▶ Exercise: Transcribe every entry word for word, leaving out all images.

▶ Supplied information:
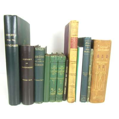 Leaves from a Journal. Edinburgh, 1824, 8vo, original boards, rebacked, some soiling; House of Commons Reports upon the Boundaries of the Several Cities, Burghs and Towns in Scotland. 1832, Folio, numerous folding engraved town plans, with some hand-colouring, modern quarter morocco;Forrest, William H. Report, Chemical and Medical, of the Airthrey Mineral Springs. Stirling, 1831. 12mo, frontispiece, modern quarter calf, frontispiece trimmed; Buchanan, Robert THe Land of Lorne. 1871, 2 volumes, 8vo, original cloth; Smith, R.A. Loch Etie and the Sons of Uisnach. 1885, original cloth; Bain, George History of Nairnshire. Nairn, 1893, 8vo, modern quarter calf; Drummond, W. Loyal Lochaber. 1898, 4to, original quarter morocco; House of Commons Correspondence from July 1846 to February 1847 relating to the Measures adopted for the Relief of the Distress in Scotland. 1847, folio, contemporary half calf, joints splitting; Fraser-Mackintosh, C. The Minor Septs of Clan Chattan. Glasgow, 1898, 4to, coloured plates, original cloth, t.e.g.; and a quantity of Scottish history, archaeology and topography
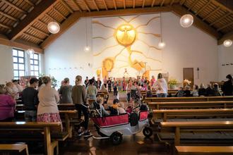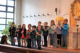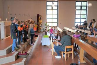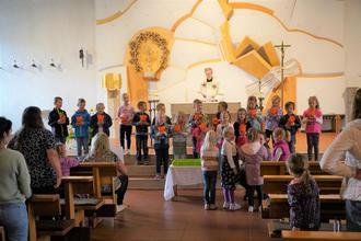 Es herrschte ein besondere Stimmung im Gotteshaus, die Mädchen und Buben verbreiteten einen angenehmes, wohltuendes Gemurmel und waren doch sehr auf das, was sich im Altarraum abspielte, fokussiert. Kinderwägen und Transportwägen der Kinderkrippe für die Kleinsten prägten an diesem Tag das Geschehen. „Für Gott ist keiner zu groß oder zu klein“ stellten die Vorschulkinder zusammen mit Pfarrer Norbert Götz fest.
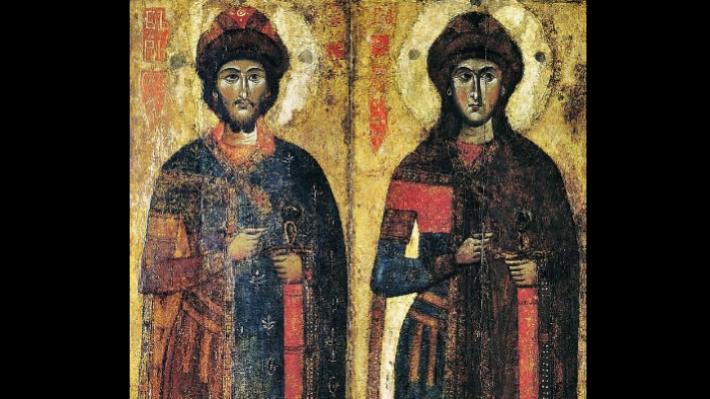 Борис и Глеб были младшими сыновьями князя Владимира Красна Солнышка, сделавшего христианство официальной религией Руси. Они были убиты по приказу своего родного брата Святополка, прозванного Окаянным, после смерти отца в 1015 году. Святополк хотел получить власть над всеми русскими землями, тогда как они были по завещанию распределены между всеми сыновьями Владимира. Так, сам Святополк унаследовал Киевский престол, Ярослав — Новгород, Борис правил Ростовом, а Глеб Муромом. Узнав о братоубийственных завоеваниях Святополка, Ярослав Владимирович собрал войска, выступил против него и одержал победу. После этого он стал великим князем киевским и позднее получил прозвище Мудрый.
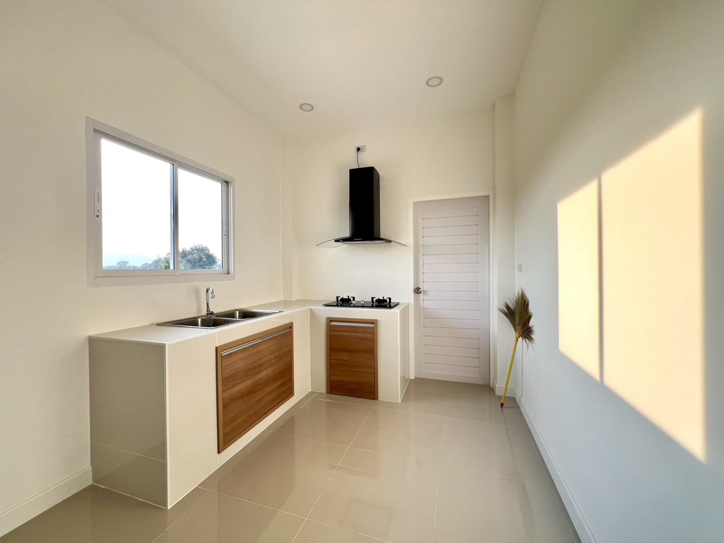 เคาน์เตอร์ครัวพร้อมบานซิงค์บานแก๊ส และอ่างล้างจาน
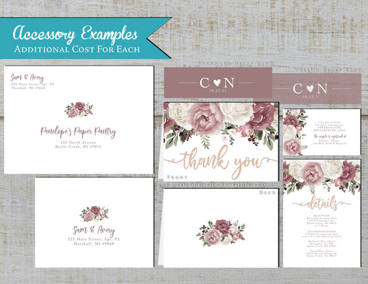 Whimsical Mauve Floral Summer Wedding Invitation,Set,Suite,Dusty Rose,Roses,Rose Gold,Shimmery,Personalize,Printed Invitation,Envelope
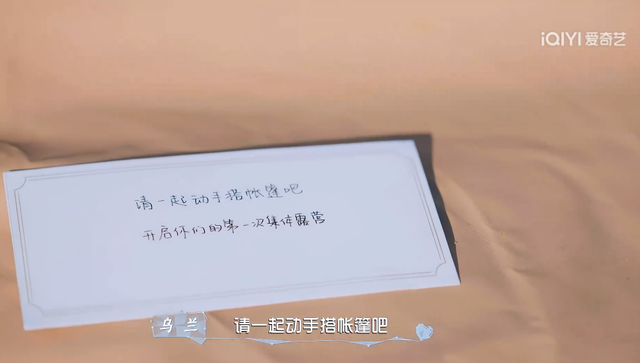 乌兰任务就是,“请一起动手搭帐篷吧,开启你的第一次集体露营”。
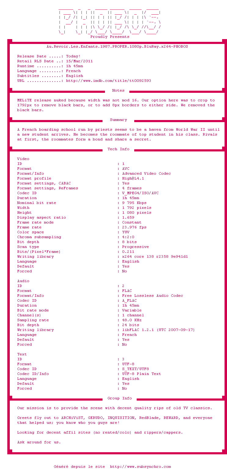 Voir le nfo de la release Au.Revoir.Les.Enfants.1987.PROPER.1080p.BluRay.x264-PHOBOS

▶ Response to this exercise:
 Leaves from a Journal. Edinburgh, 1824, 8vo, original boards, rebacked, some soiling; House of Commons Reports upon the Boundaries of the Several Cities, Burghs and Towns in Scotland. 1832, Folio, numerous folding engraved town plans, with some hand-colouring, modern quarter morocco;Forrest, William H. Report, Chemical and Medical, of the Airthrey Mineral Springs. Stirling, 1831. 12mo, frontispiece, modern quarter calf, frontispiece trimmed; Buchanan, Robert THe Land of Lorne. 1871, 2 volumes, 8vo, original cloth; Smith, R.A. Loch Etie and the Sons of Uisnach. 1885, original cloth; Bain, George History of Nairnshire. Nairn, 1893, 8vo, modern quarter calf; Drummond, W. Loyal Lochaber. 1898, 4to, original quarter morocco; House of Commons Correspondence from July 1846 to February 1847 relating to the Measures adopted for the Relief of the Distress in Scotland. 1847, folio, contemporary half calf, joints splitting; Fraser-Mackintosh, C. The Minor Septs of Clan Chattan. Glasgow, 1898, 4to, coloured plates, original cloth, t.e.g.; and a quantity of Scottish history, archaeology and topography
 Es herrschte ein besondere Stimmung im Gotteshaus, die Mädchen und Buben verbreiteten einen angenehmes, wohltuendes Gemurmel und waren doch sehr auf das, was sich im Altarraum abspielte, fokussiert. Kinderwägen und Transportwägen der Kinderkrippe für die Kleinsten prägten an diesem Tag das Geschehen. „Für Gott ist keiner zu groß oder zu klein“ stellten die Vorschulkinder zusammen mit Pfarrer Norbert Götz fest.
 Борис и Глеб были младшими сыновьями князя Владимира Красна Солнышка, сделавшего христианство официальной религией Руси. Они были убиты по приказу своего родного брата Святополка, прозванного Окаянным, после смерти отца в 1015 году. Святополк хотел получить власть над всеми русскими землями, тогда как они были по завещанию распределены между всеми сыновьями Владимира. Так, сам Святополк унаследовал Киевский престол, Ярослав — Новгород, Борис правил Ростовом, а Глеб Муромом. Узнав о братоубийственных завоеваниях Святополка, Ярослав Владимирович собрал войска, выступил против него и одержал победу. После этого он стал великим князем киевским и позднее получил прозвище Мудрый.
 เคาน์เตอร์ครัวพร้อมบานซิงค์บานแก๊ส และอ่างล้างจาน
 Whimsical Mauve Floral Summer Wedding Invitation,Set,Suite,Dusty Rose,Roses,Rose Gold,Shimmery,Personalize,Printed Invitation,Envelope
 乌兰任务就是,“请一起动手搭帐篷吧,开启你的第一次集体露营”。
 Voir le nfo de la release Au.Revoir.Les.Enfants.1987.PROPER.1080p.BluRay.x264-PHOBOS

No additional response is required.